8 Haziran 2009 Pazartesi

KUSURA BAKMAYIN PARA (KİMLERDE) VAR

Başbakan geçen hafta yeni teşvik tedbirlerini açıklarken, "Kriz varsa, çare var" kampanyası konusunda yapılan, "Çare var ama, para yok" yorumunun anımsatılması üzerine, "Kusura bakmayın para var. Kesinlikle para var. Para yok diye bir şey yok" dedi.
Acaba Başbakan bunları söylerken hangi göstergelere bakıyordu? Türkiye'de hanehalkının harcayabileceği para, bankalardaki Türk parası ve yabancı para mevduatları, dolaşımdaki para, fonlardaki ve borsadaki paradır. Bu paraların toplamı 2007 yılı sonunda 313.4 milyar TL, 2008 yılı sonunda 268.0 milyar TL idi. Mart 2009 tarihinde 388.0 milyar TL olarak belirlenmişti.

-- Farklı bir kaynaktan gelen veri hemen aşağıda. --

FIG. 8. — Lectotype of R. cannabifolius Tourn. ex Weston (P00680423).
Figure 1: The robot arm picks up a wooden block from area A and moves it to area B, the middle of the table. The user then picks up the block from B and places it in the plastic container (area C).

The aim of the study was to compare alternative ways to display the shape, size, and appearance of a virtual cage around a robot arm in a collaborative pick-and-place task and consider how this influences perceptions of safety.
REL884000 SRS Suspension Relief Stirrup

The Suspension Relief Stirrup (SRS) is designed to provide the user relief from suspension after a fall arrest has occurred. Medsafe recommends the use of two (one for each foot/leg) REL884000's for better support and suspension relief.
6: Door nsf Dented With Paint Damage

Demek ki, krize rağmen hanehalkının finansal varlıklarında azalma olmamış. Hanehalkının finansal varlıklarına karşılık acaba finansal yükümlülükleri (borçları) ne ölçüde?

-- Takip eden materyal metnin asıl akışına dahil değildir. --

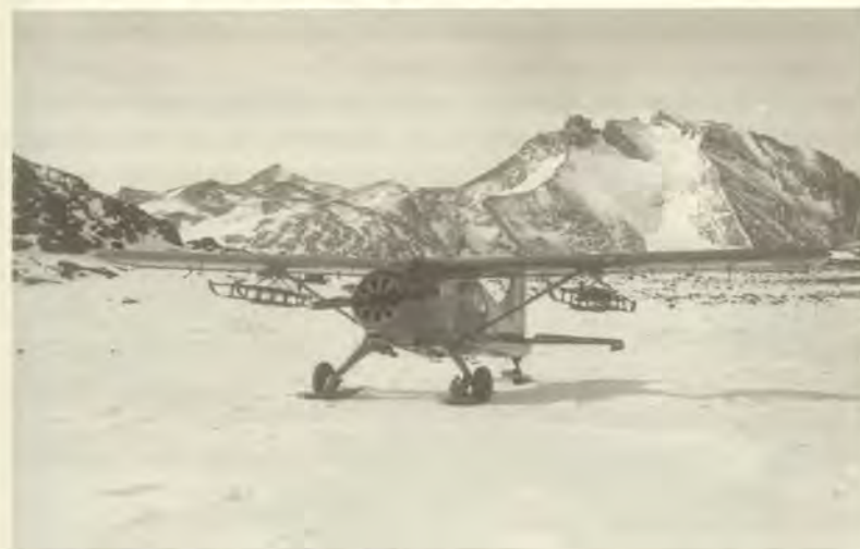
The Beaver fitted with Nansen sleds.

Yapılan hesaplamalara göre finansal yükümlülüklerin finansal varlıklara oranı 2007 yılı sonunda yüzde 32.2 oranında, 2008 yılı sonunda yüzde 35.0 oranında iken, 2009 Mart ayında yüzde 33.3 olarak belirlendi.
Bu rakamlar halkta para var görünümünü veriyor.

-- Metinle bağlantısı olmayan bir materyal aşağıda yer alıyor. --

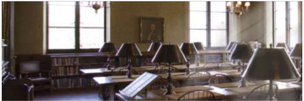
The serene reading room at the Frick Art Reference Library.

Soon after Frick's death in 1919, his daughter, Helen Clay Frick, founded the library in her father's memory. At first, the library was located in the home's bowling alley, but within four years, the collection moved to a newly constructed building on the site. This building soon proved inadequate for the growing collections and plans were made to construct a thirteen-story library. The current building, immediately adjacent to the Frick Museum, officially opened to the public in 1935 and still houses the collections today.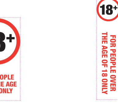
Figure E | Vertical relationship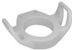
Raised Toilet Seat w/Arms Elongated $69.99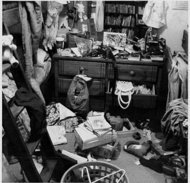
Is Your Space Cluttered?

Since 2004 Brookside Pet Concierge Services 816.694.9296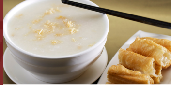
L 瑶柱白粥油条 Congee w/ Dry Scallop & Fried Dough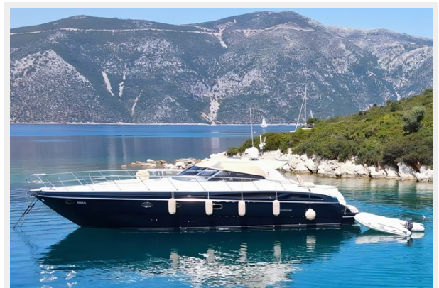
Cranchi 50 - GINGER 4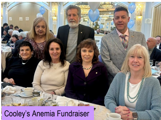
Cooley's Anemia Fundraiser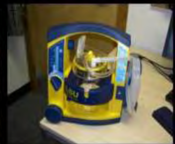
Some of the kit available on the Mobile Clinical Skills Unit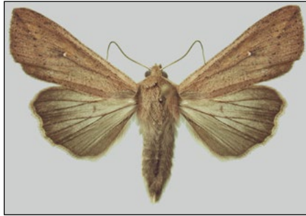
Figure 11. Adult - armyworm

Ancak şu unutulmamalıdır. Halkın finansal varlıkları eşit olarak dağılmıyor. Borçlular ile finansal varlığı olanlar aynı kişiler değil. Borsadaki paranın yüzde 17.49'u yerli bireysel yatırımcılara ait. Bunların dağılımında da belli bir kümeleşme var.
Bankalardaki tasarruf mevduatının yüzde 42'si sadece 27 bin kişiye ait. Bankalardaki 71 milyon hesabın yüzde 95'inde 10 bin TL'den az para var. Buna 10 bin TL ile 50 bin TL arasındaki hesaplar eklendiğinde hesapların yüzde 95.51'inin küçük birikimlerden oluştuğu anlaşılıyor.
Açık anlatımıyla finansal varlıklar çok az sayıda kişinin elinde toplanmış durumda. Onlar da zaten tüketimlerini kısmayan, harcamasını sürdüren kesim.. İşte bu nedenle finansal varlıkların toplamına bakarak, "Halkta para var" demek, yanlış bir değerleme oluyor.